------ Data for this task
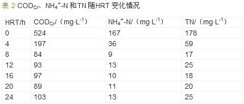 由表2可見,在ABFB中CODCr、NH4+-N和TN同時(shí)下降,HRT=8h時(shí)污染物降至最低值。NH4+-N和TN同時(shí)下降,說明硝化和反硝化同時(shí)進(jìn)行,聚乙烯載體為微生物的生長增殖提供了適合的場合并保持各種細(xì)菌特有的生物活性(見圖4,在聚乙烯填料表面固定的微生物具有很好的生物活性),每一塊載體構(gòu)成一個(gè)微型的同時(shí)硝化反硝化反應(yīng)器(SND),實(shí)現(xiàn)了脫除高濃度氨氮的目的。經(jīng)ABFB反應(yīng)器處理后,煤氣化廢水中的氨氮達(dá)到了《污水綜合排放標(biāo)準(zhǔn)》的一級排放標(biāo)準(zhǔn),但殘余的CODCr不能進(jìn)一步降低,需要進(jìn)行深度處理。具體參見http://wlmqsb.com更多相關(guān)技術(shù)文檔。
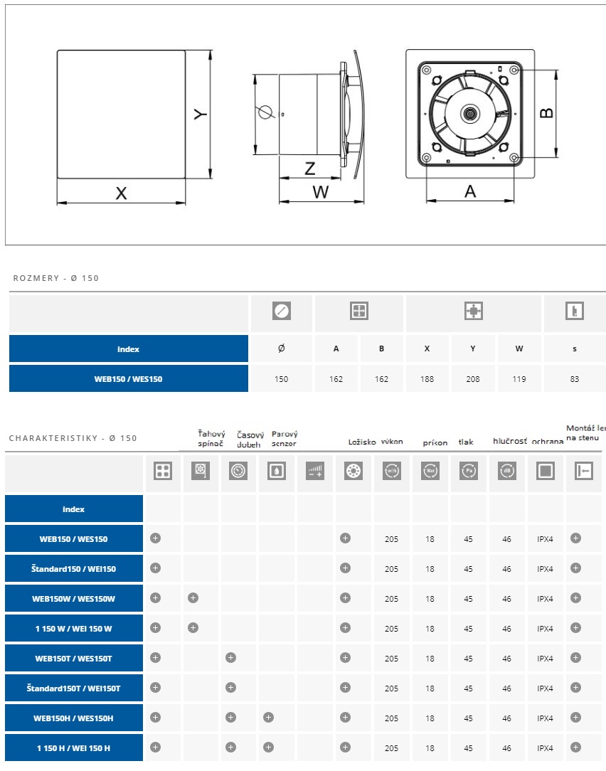 Montáž alebo pripojenie do potrubia.150 mm .Design:Moderný dizajn a estetický vzhľad.
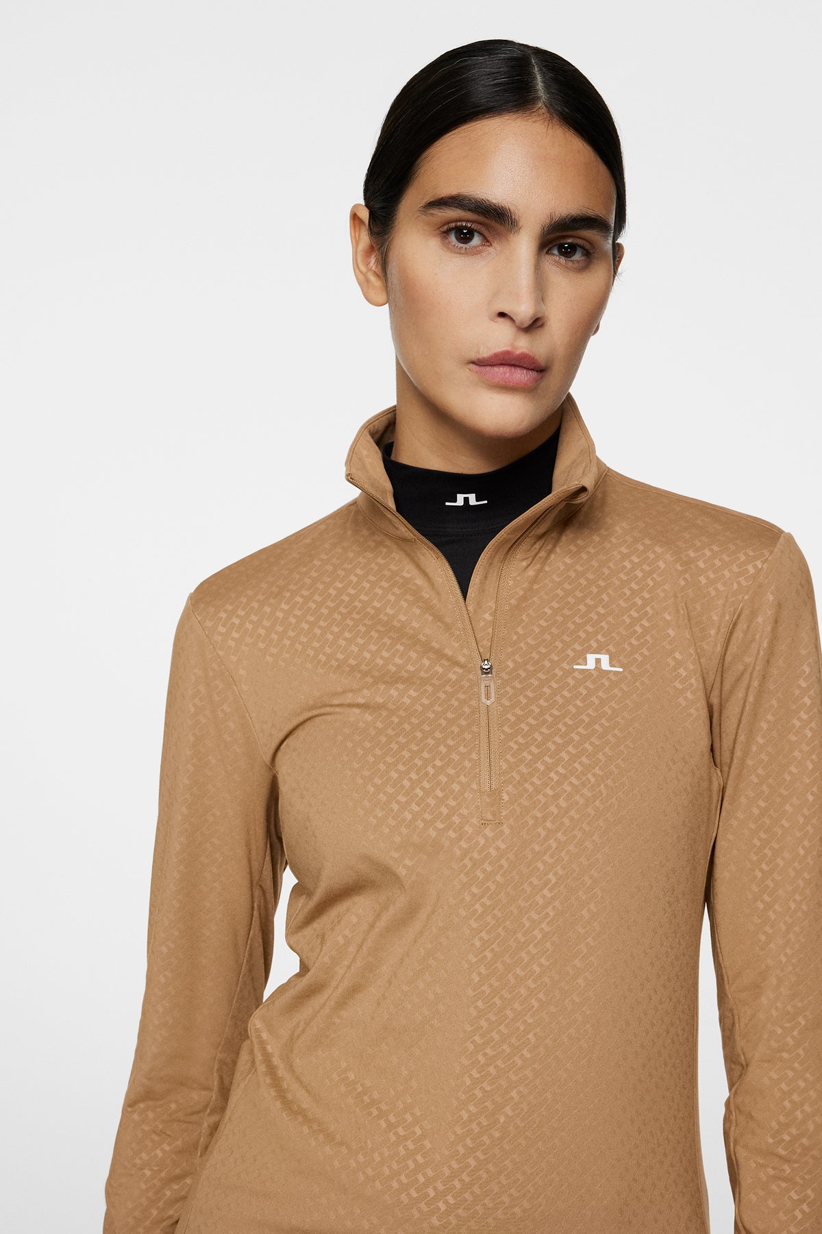 - Quarter zip with stay-down zipper puller
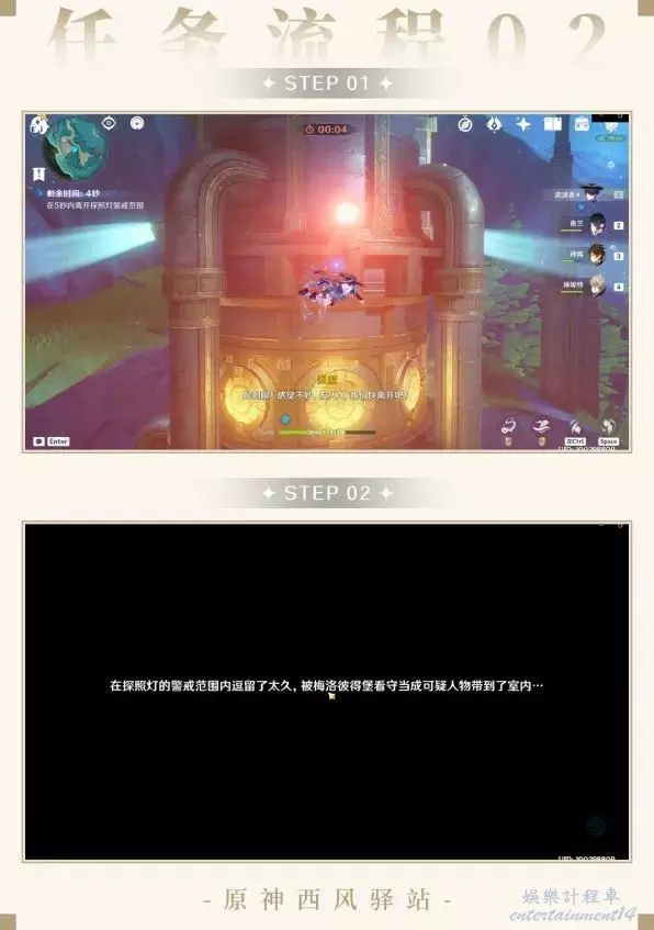 02、遊到靠近探照燈的位置,讓角色處於探照燈的照射下維持5秒,隨後進入梅洛彼得堡。這裡補充一下,除了此方式外,還可以通過完成相應魔神任務和梅洛彼得堡附近的一處管道進入其中,有興趣的旅行者可以自行搜索查看。
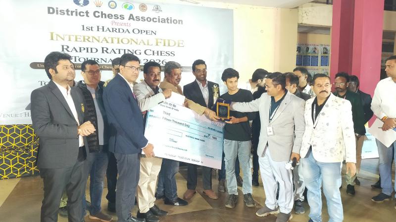 हरदा :- शतरंज के क्षेत्र में हरदा ने एक ऐतिहासिक उपलब्धि दर्ज करते हुए हरदा की प्रथम फीडर रेटेड इंटरनेशनल रैपिड शतरंज प्रतियोगिता का भव्य आयोजन 24 जनवरी 2026 को स्थानीय हरदा डिग्री कॉलेज परिसर में किया। यह अंतरराष्ट्रीय स्तर की प्रतियोगिता संरक्षक श्री सिद्धार्थ जैन, कलेक्टर हरदा के संरक्षण में सम्पन्न हुई।
------------
Retype the data shown above exactly, excluding any picture it contains.

**Solution to this exercise:**
 由表2可見,在ABFB中CODCr、NH4+-N和TN同時(shí)下降,HRT=8h時(shí)污染物降至最低值。NH4+-N和TN同時(shí)下降,說明硝化和反硝化同時(shí)進(jìn)行,聚乙烯載體為微生物的生長增殖提供了適合的場合并保持各種細(xì)菌特有的生物活性(見圖4,在聚乙烯填料表面固定的微生物具有很好的生物活性),每一塊載體構(gòu)成一個(gè)微型的同時(shí)硝化反硝化反應(yīng)器(SND),實(shí)現(xiàn)了脫除高濃度氨氮的目的。經(jīng)ABFB反應(yīng)器處理后,煤氣化廢水中的氨氮達(dá)到了《污水綜合排放標(biāo)準(zhǔn)》的一級排放標(biāo)準(zhǔn),但殘余的CODCr不能進(jìn)一步降低,需要進(jìn)行深度處理。具體參見http://wlmqsb.com更多相關(guān)技術(shù)文檔。
 Montáž alebo pripojenie do potrubia.150 mm .Design:Moderný dizajn a estetický vzhľad.
 - Quarter zip with stay-down zipper puller
 02、遊到靠近探照燈的位置,讓角色處於探照燈的照射下維持5秒,隨後進入梅洛彼得堡。這裡補充一下,除了此方式外,還可以通過完成相應魔神任務和梅洛彼得堡附近的一處管道進入其中,有興趣的旅行者可以自行搜索查看。
 हरदा :- शतरंज के क्षेत्र में हरदा ने एक ऐतिहासिक उपलब्धि दर्ज करते हुए हरदा की प्रथम फीडर रेटेड इंटरनेशनल रैपिड शतरंज प्रतियोगिता का भव्य आयोजन 24 जनवरी 2026 को स्थानीय हरदा डिग्री कॉलेज परिसर में किया। यह अंतरराष्ट्रीय स्तर की प्रतियोगिता संरक्षक श्री सिद्धार्थ जैन, कलेक्टर हरदा के संरक्षण में सम्पन्न हुई।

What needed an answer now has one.